Bloomberg Intelligence analyst Eric Balchunas predicted that each Bitcoin ETF would need to have explicitly approved participant parameters in its S-1 before being considered for approval.

“This is not an easy final step and may stop some out of the starting gate,” Balchunas said Friday. on twitter. He then developed the hypothesis that “AP agreement + cash generation = approval.”

https://twitter.com/EricBalchunas/status/1738287502111244593

The approved participant wrinkle appears to be another attempt by the SEC to make it very clear who can and cannot participate in the creation and redemption of Bitcoin ETF shares, and, by extension, who can handle BTC directly. .

By definition, an authorized participant is an organization that can create and redeem shares in an ETF, other than the issuer itself. Typically, it is large banks and financial institutions that take on these roles.

Generally, the more authorized participants an ETF has, the higher its liquidity. When there is a shortage of shares in the market, authorized participants can create more shares. And if there are too many ETF shares on the market, that could reduce the number of shares available to authorized participants. In both cases, additional participants help keep the ETF’s stock price in line with the underlying asset, in this case Bitcoin.

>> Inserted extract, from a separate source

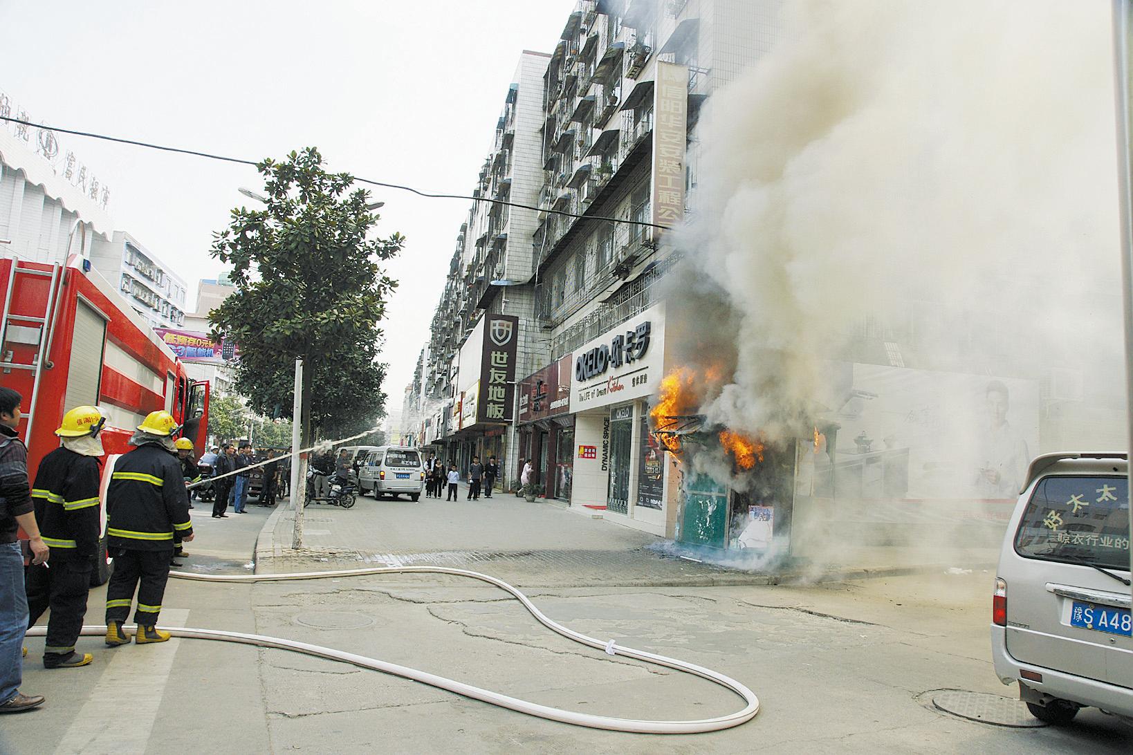 4月7日中午,市中心城区申城大道与胜利路交叉口东侧的一个报亭突发大火,因为里面都是易燃物品,火势发展很快,火舌伴随滚滚浓烟几乎快将旁边的一家商店引燃。幸亏消防车及时赶到,消防队员迅速将大火扑灭,此时报亭已经全部烧毁,但是没有造成人员伤亡。记者 郝光 摄

A spot Bitcoin ​ETF is a product the industry has been wanting to approve for U.S. investors for over a decade. But the SEC has been adamant that there is too much risk to allow investors access to it. Chief among these risks are market manipulation and reliable price discovery.

In the screenshot, Balchunas showed a table tracking the status of Bitcoin ETF hopefuls. Half of them still allow shares to be issued in cash or in kind. But as the Bloomberg analyst himself said, spot stock creation is not the SEC’s starting point.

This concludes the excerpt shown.